Michael Cooper

Personal information
- Full name: Michael John Cooper
- Date of birth: 8 October 1999 (age 26)
- Place of birth: Exeter, England
- Height: 6 ft 1 in (1.85 m)
- Position: Goalkeeper

Team information
- Current team: Sheffield United
- Number: 1

Youth career
- 2009–2017: Plymouth Argyle

Senior career*
- Years: Team / Apps / (Gls)
- 2017–2024: Plymouth Argyle / 151 / (0)
- 2024–: Sheffield United / 85 / (0)

= Michael Cooper (footballer) =

English footballer

Michael John Cooper (born 8 October 1999) is an English professional footballer who plays as a goalkeeper for club Sheffield United.

== Career ==
===Plymouth Argyle===
Michael Cooper made his professional debut for Plymouth Argyle in a League One game away to Blackburn Rovers aged 18 years and 6 days old. With starting goalkeeper Kyle Letheren going off injured, Cooper came on for the second half, as the game finished 1–1. He was also a key member of the Plymouth Argyle Youth Team who reached the last 16 of the FA Youth Cup, making crucial saves in victories over Manchester City and Burnley in 3rd and 4th rounds of the competition.
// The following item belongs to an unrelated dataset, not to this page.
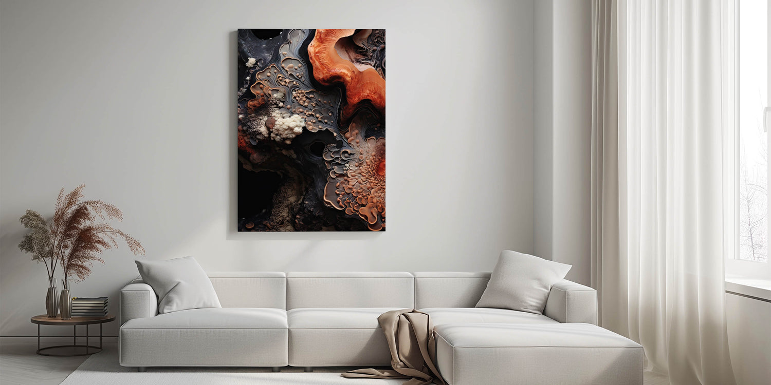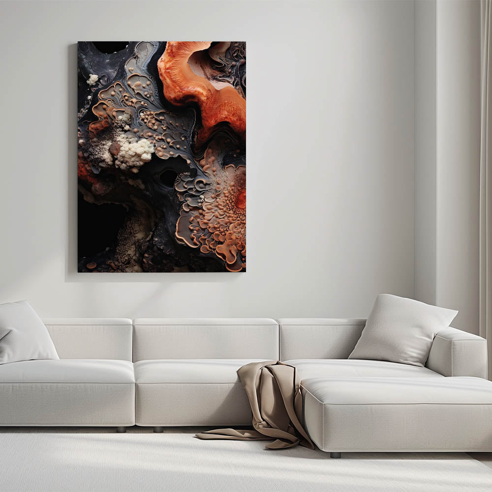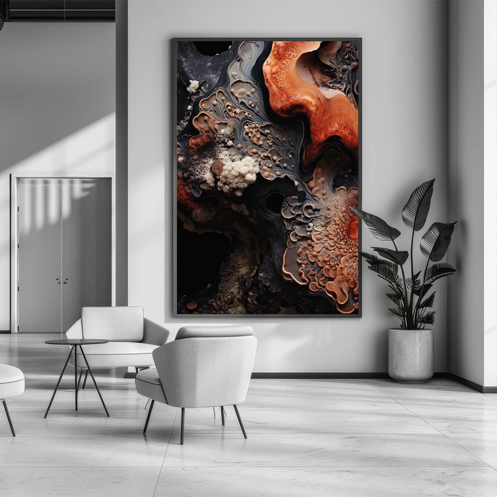Bring the raw beauty of nature into your space with this nature closeup wall art, showcasing an abstract macro photograph of earthy, textured formations. The intricate patterns in shades of warm orange, deep brown, and creamy beige evoke the look of natural rock and geological layers, creating a visually striking and organic piece.
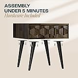 STUNNING GEOMETRIC DETAILS: Experience the flawless blend of rustic and modern design with our geometric side table; Meticulously handcrafted, our rustic side table features intricate geometric patterns to showcase the beauty of the natural wood grain QUALITY NIGHTSTAND: Expertly made from acacia solid wood with a durable finish, our mid century modern nightstand ensures long lasting quality; This accent nightstand has a sturdy structure with metal legs for longevity and stability ASSEMBLY UNDER 5 MINUTES: The solid wood nightstand brown comes 90% pre-assembled; With clear instructions and included all parts, tools in one carton box, our nightstand with drawers can be assembled in under 5 minutes MULTIFUNCTIONAL SIDE TABLE: Our fully assembled nightstand offers versatility as a multifunctional piece of furniture; Our end tables living room feature a spacious drawer for convenient storage and a large surface for displaying decor CUSTOMERS SERVICE: The solid wood nightstand with drawers is offered with a 30 day return and 1 year warranty; Our dedicated customer service team is available 24/7 to support your shopping experience

On 17 December 2019, Cooper signed a new long-term deal at Plymouth Argyle, until the end of the 2021–22 season.

On 5 September 2020, Cooper started in the first match of the Argyle season, playing Queens Park Rangers in the first round of the EFL Cup. Argyle won 3–2 after a spectacular performance from Cooper. Cooper held onto the starting position for the 2020–21 season.

In April 2021, Cooper signed a new long-term deal with Argyle, signing on until 2024. He was also voted Young Player of the Season 2020–21 by Plymouth Argyle supporters, coming second in the senior vote to squad Vice-Captain, Joe Edwards.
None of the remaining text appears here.